静电纺纳米纤维尺度效应和表/界面效应突出,但集合体的形式单一,结构稳定性较差,力学性能不足,纱线结构的纳米纤维集合体可有效综合纳米纤维和纺织结构双重优势,突破其应用瓶颈并拓宽应用范畴。为此,首先以静电纺纳米纤维构筑功能性纱线为主轴线,从结构成形原理与技术、功能设计与应用角度,系统综述了纳米纤维纱线的最新研究进展;其次从高效可控制备与实际应用等方面深入分析了纳米纤维纱线的潜在问题,并展望了该研究领域的未来发展趋势。研究认为,量小集成的微型高科技器件与量大面广的功能服装面料是各类纳米纤维功能性纱线走向工业化的主要应用途径,高效高品质绿色成形与多功能集成是其未来的发展重点。

关键词: 静电纺丝, 纳米纤维, 功能性纱线, 生物医用纺织品, 复合结构, 智能纺织品, 功能性纺织品

Abstract:

Electrospun nanofibers are well-known for unique size effect and surface/interface effect, but limited by single assembly form, insufficient structure stability and mechanical properties. Nanofiber assembly with yarn architecture contributes to fully integrate the respective merits of both nanofiber and textile structure, and breaks through the bottleneck and broadens the application of nanofibers.

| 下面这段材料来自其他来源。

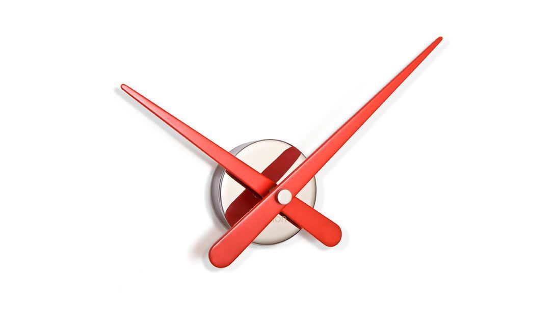 Настенные часы, выполненные их хромированной латуни и орехового дерева, окрашенного красным.

Firstly, the latest research progress of electrospun nanofiber-based yarns is systematically reviewed from the aspects of forming principle and technology, functional design and application. Furthermore, the potential problems in highly efficient, controllable preparation and practical application of nanofiber-based yarns are deeply analyzed, and the future development trend of this field is also prospected. It is considered that integrated high-tech micro-devices with small-batch preparation and wide range of functional fabrics with mass production are the main application directions of nanofiber-based yarn to industrialization, moreover, efficiently green fabrication and multi-functional integration of nanofiber yarns with high-quality are the future development priorities.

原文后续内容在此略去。